The R group is responsible for the different properties of individual amino acids. As amino acids make up proteins the properties of the R group contribute considerably to the physical properties of proteins. Nineteen of the 20 amino acids found in proteins have the arrangement shown by Figure 2.4 but for the remaining amino acid, proline, an unusual cyclic ring is formed by the side chain bonding directly to the amide nitrogen (Figure 2.5).

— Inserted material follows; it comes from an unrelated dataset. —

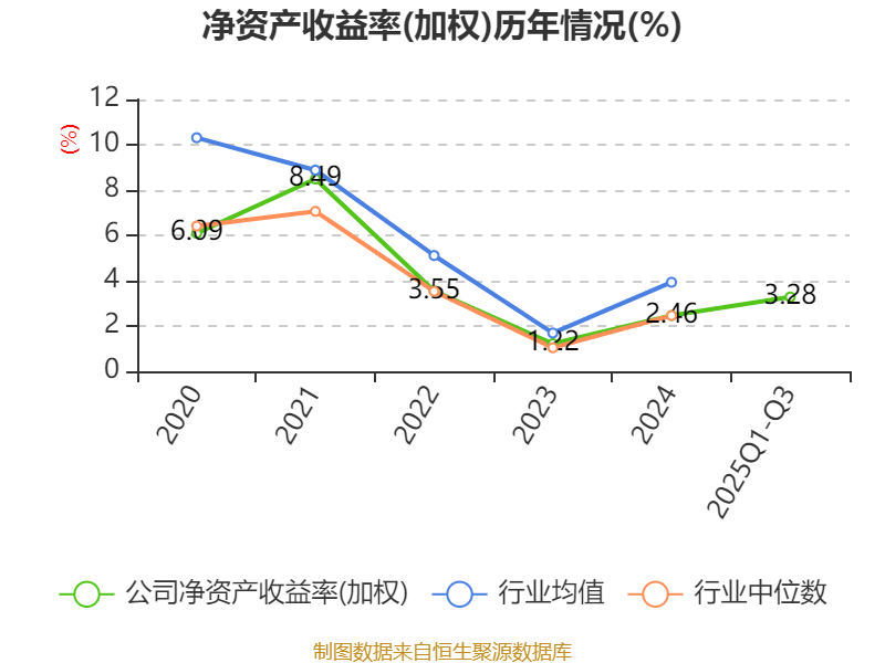 盈利能力方面, 2025年前三季度公司加权平均净资产收益率为3.28%,同比上升1.16个百分点。公司2025年前三季度投入资本回报率为2.23%,较上年同期上升3.55个百分点。

Figure 2.5 The structure of proline – an unusual amino acid containing a five-membered pyrrolidine ring

A glance at the structures of the 20 different side chains reveals major differences in, for example, size, charge and hydrophobicity although the R group is always attached to the α carbon (C2 carbon). From the α carbon subsequent carbon atoms in the side chains are designated as β, γ, δ, ε and ζ. In some databases of protein structures the Cβ is written as CB, the Cδ as CD, Cζ as CZ, etc. Both nomenclatures are widely used. The nomenclature is generally unambiguous but care needs to be exercised when describing the atoms of the side chain of isoleucine. Isoleucine has a branched side chain in which the Cγ or CG is either a methyl group or a methylene group. In this instance the two groups are distinguished by the use of a subscript 1 and 2, i.e. CG1 and CG2. A similar line of reasoning applies to the carbon atoms of aromatic rings. In phenylalanine, for example, the aromatic ring is linked to the Cβ atom by the Cγ atom and contains two Cδ and Cε atoms (Cδ1 and Cδ2, Cε1 and Cε2) before completing ring at the Cζ (or CZ) atom.

Peptide bonds

Amino acids are joined together by the formation of a peptide bond where the amino group of one molecule reacts with the carboxyl group of the other. The reaction is described as a condensation resulting in the elimination of water and the formation of a dipeptide (Figure 2.6).